Well-constructed objective structured clinical examinations (OSCE) are a reliable and valid method of assessing health professional students' clinical and communication skills. (1-3) OSCEs consist of a series of stations that prompt students to perform specified tasks within a defined amount of time. (1-3) Student performance is evaluated most often using a binary checklist and a global impression scale at the conclusion of each station by the standardized patient who participated in the encounter or a faculty member who observed the encounter. (1-3) The accuracy of an assessment method is related, in part, to its reliability, an indicator of its consistency in producing the same or similar results when used in the same or similar circumstances. (2-3)

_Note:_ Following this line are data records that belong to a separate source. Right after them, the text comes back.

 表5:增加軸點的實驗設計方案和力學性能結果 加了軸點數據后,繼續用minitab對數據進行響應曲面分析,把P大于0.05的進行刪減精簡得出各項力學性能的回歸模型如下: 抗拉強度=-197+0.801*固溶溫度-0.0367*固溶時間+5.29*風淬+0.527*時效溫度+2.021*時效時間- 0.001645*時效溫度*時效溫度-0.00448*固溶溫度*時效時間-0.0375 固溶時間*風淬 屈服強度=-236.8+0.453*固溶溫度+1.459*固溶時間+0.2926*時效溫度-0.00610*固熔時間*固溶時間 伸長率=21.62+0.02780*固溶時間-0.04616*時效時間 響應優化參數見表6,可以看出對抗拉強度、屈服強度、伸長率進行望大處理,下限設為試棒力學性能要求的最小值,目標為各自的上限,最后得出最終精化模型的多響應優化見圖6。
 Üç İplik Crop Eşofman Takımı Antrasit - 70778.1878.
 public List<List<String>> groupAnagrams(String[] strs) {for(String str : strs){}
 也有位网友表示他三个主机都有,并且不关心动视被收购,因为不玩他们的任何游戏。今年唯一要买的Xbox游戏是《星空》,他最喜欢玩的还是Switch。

At our institution, prior to this study, the standardized patient completed the evaluation tools that determined whether a student passed or failed an OSCE station. However, taking into account higher-stakes OSCEs, we considered having pharmacy faculty members evaluate student performance instead. A potentially limiting factor when using faculty evaluators for an OSCE is the number of faculty members required during examination administration. (1,3,4) To increase flexibility, overcome scheduling barriers, and reduce the number of faculty members who must be present during an OSCE, some schools and colleges have elected to have faculty members review and evaluate student performance at a later time, using a video recording of the encounter. Given the resources dedicated to the development and implementation of OSCEs, ensuring the reliability of the examination is important, regardless of when the assessment of student performance occurs.

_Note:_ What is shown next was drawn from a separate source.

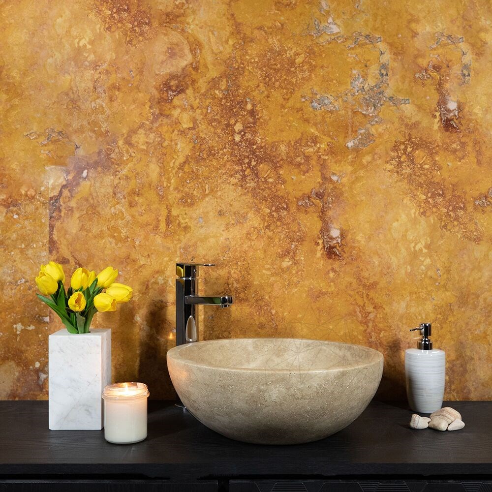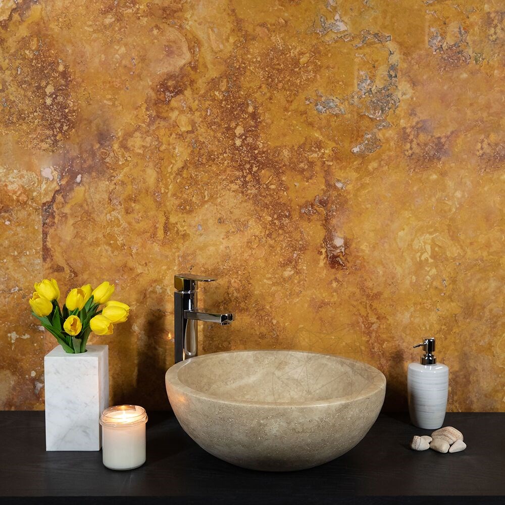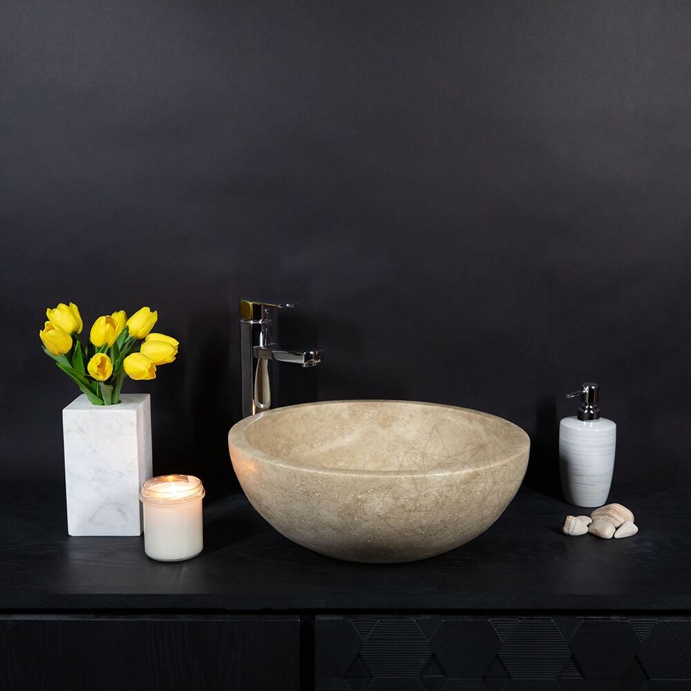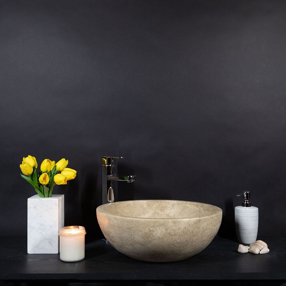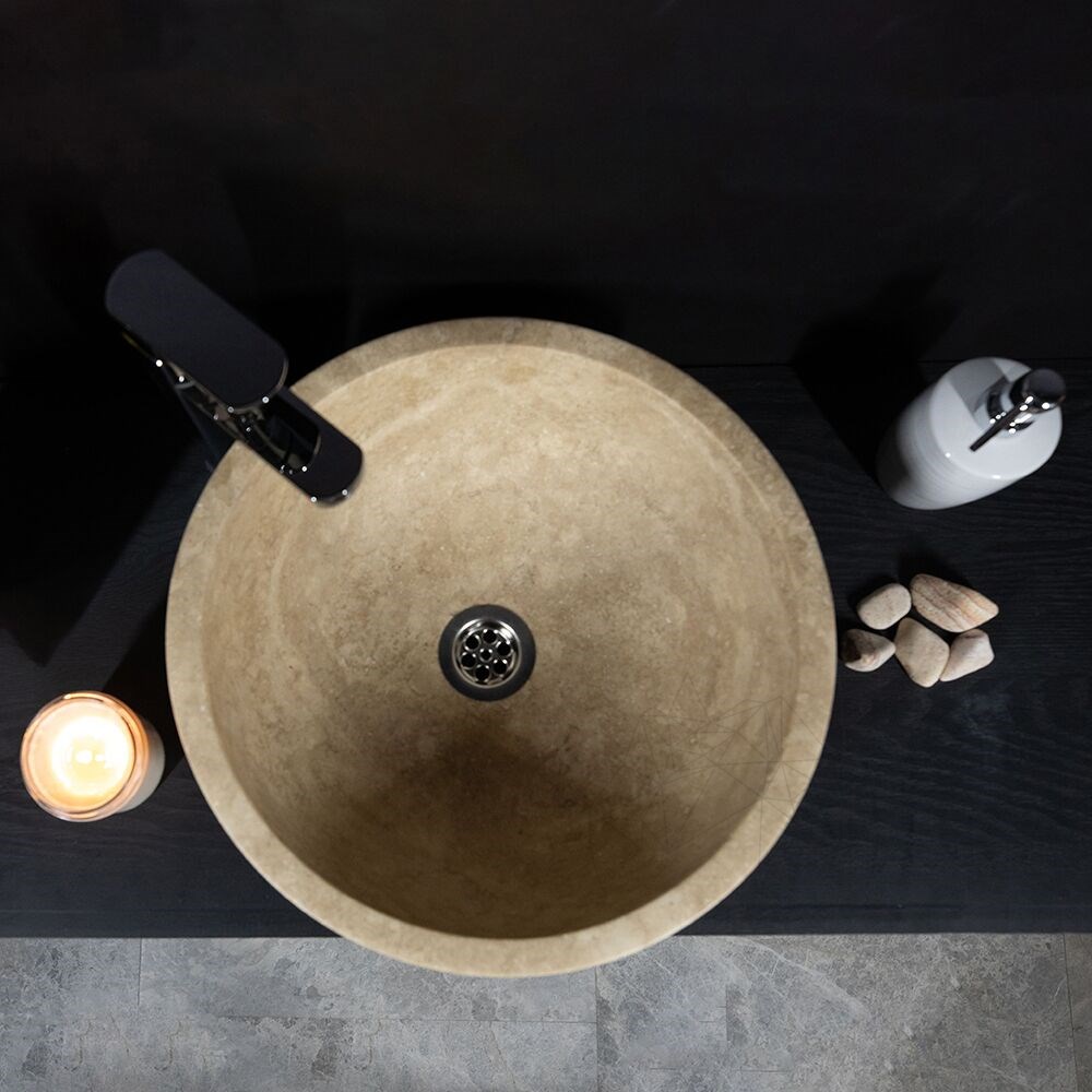 Blatul din Piatra Naturala este cea mai buna alegere pentru suportul Lavoarului din Travertin. Blatul din Piatra Naturala are rezistenta si durabilitate si poate sustine Lavoarul din Travertin pe suprafata sa. Inainte de montaj se caroteaza blatul pentru trecerea sifonului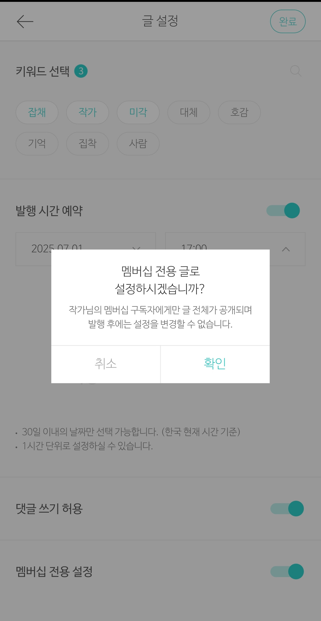 * 멤버십 등록 완료, 멤버십 글 발행 시작 25.7.1

To date, only 1 study examining the reliability of OSCEs has compared real-time and video recorded observations. (5) Vivekananda-Schmidt and colleagues investigated inter-rater reliability between real-time and video-recorded OSCEs of 95 third-year medical students' shoulder and knee examinations using the intraclass correlation coefficient (ICC). (5) Real-time OSCE encounters were scored by physicians training in rheumatology who were present in the room with the student and standardized patient during the encounter. Later, a consultant rheumatologist observed a video recording of the encounter and independently scored each student's performance. No specific training was provided for the examiners, although the real-time examiners had previous experience administering and scoring this type of OSCE. Good inter-rater reliability was observed between real-time and video-recorded assessments on a binary checklist for the shoulder examination ([ICC.sub.2,4] = 0.55; 95% CI = 0.22 - 0.72) and the knee examination ([ICC.sub.2,1] = 0.58; 95% CI = 0.34 - 0.75). However, poor inter-rater reliability was observed on the global impression scale for the shoulder examination ([ICC.sub.2,1] = 0.36; 95% CI = -0.10 - 0.69) and knee examination ([ICC.sub.2,1] = 0.32; 95% CI = -0.05 - 0.61). This study suggested that scoring OSCE stations using video recordings instead of real-time observations may not be equivalent. However, observed differences in reliability may have been attributable to the lack of rater training, differences in examiner expertise, differences in observations (direct observation vs. video monitor), or a combination of these factors.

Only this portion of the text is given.